Quoting Areopagus (Reply 22):

It may be, but like I said, I once got shot down in another forum for not knowing it, like I was really dumb.

Then they owe you an apology!

Quoting Areopagus (Reply 22):
Wait a minute -- the CaLV as proposed doesn't have an upper stage, does it? Just SOBs and core? So now we're talking SSTO?

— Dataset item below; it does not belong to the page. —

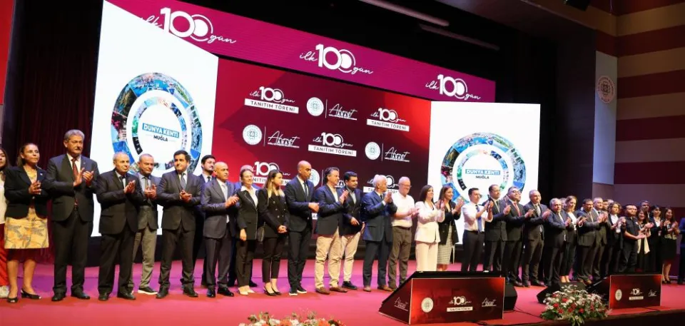 İl ve İlçe Başkanları, İlçe Belediye başkanları ve Daire Başkanlarının katıldığı 100 günlük proje tanıtım toplantısında konuşan Başkan Aras, “Biz belediye başkanlarını en çok sizlerden aldığımız enerji motive ediyor. Seçimlerden önce ‘Dünya Kenti Muğla’ vizyonu ile yola çıkmıştık. Şimdi yeni bir aşamaya geçtik. İlk 100 gün aslında çok kısa bir süre. Fakat neler yapacağımızı planlamıştık. Sizlerin karşısına çıkacak kadar hizmet biriktirdiğimizi düşünüyorum" dedi.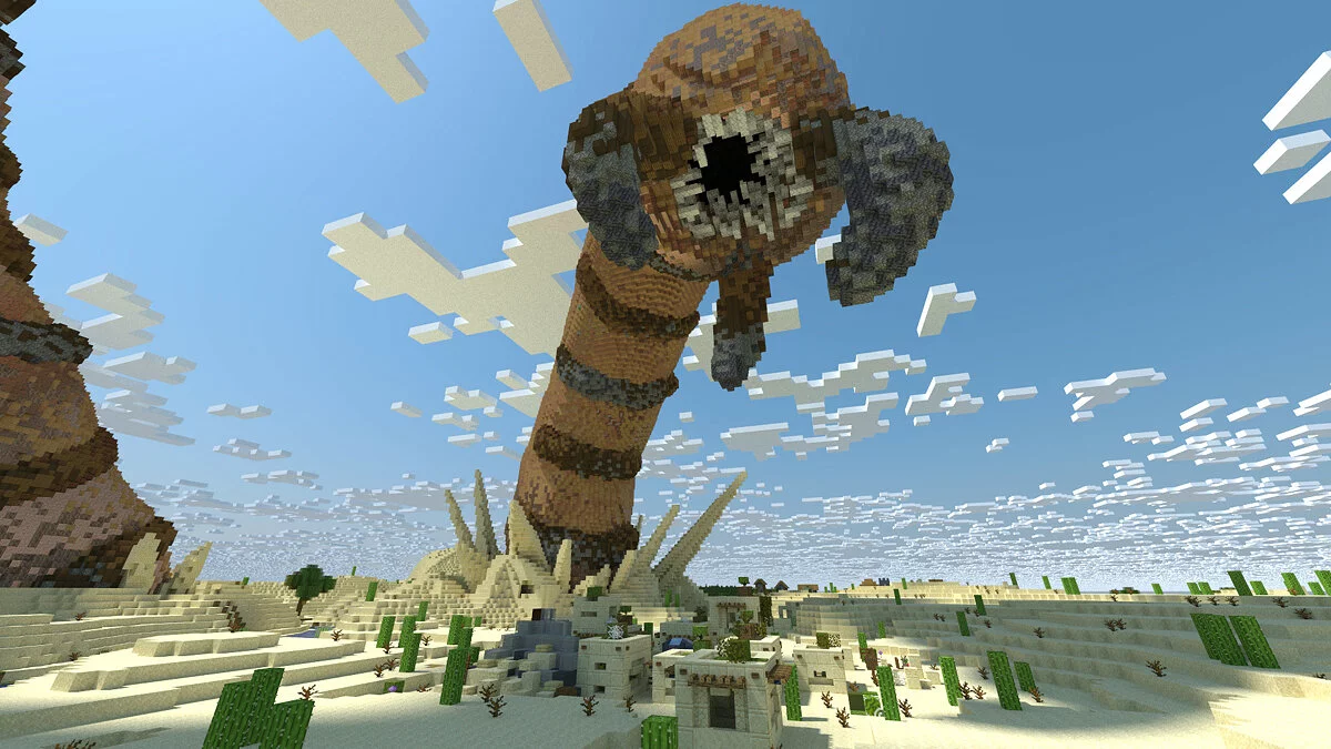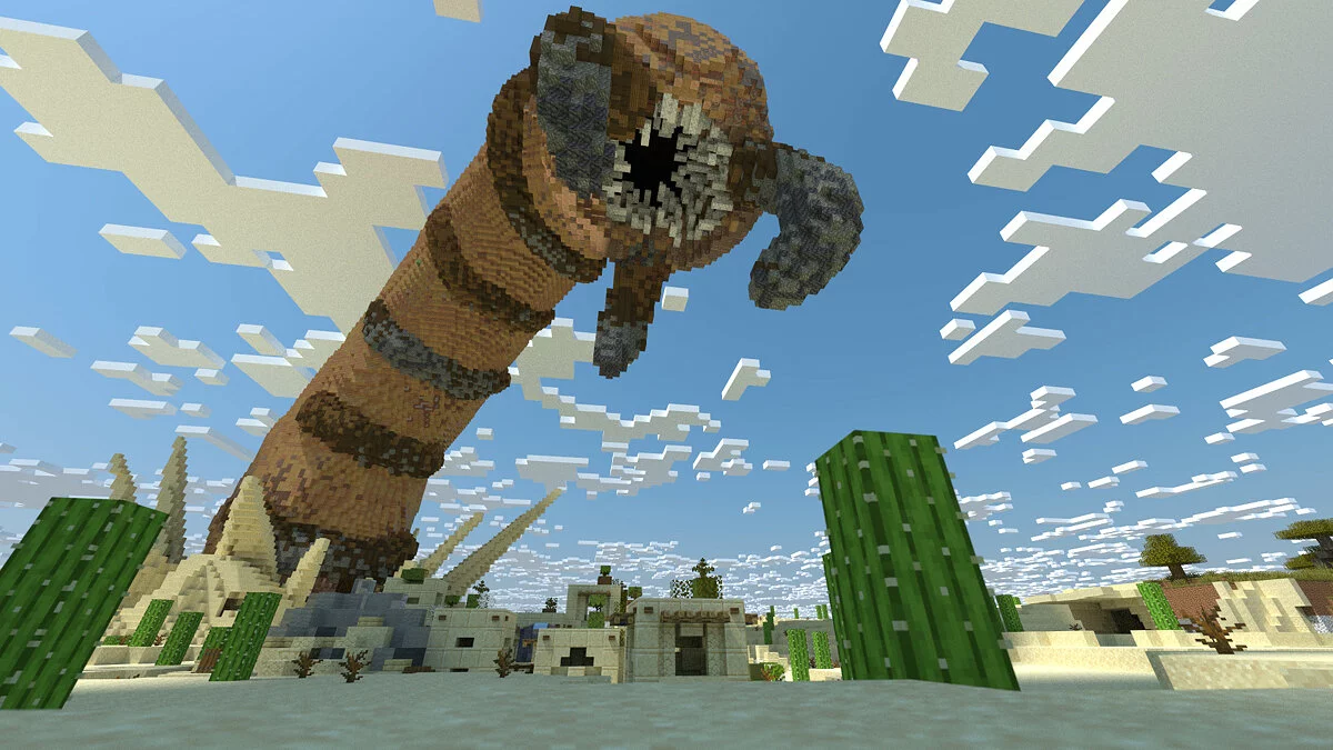 Геймер создал в Minecraft огромного пустынного червя размером с многоэтажное здание и показал скриншоты

Yes, it has the Earth Departure Stage, which (like S-IVB before it) will probably fire up for a short burn to achieve orbit. Saturn V technically could have gotten by without doing that, but it turned out to boost performance a little. CaLV will probably have to do it, though, because (in order for the rendezvous with the CLV) it's going to need to go somewhat higher than Apollo's parking orbit.

However, yes, should be able to do SSTO with a moderate payload. Keep in mind that Atlas did it in 1959 (Project Score) if you ignore the detail of dropping off its outboard booster engines halfway up. You can pull tricks like that with CaLV too, dropping the outboard engines half-way up (recoverable or not) and finish the ascent on the "sustainer" engine.

Another neat trick might be to replace the center RS-68 with an SSME for higher ISp later in the ascent where total thrust doesn't matter as much (at least on the SSTO missions.)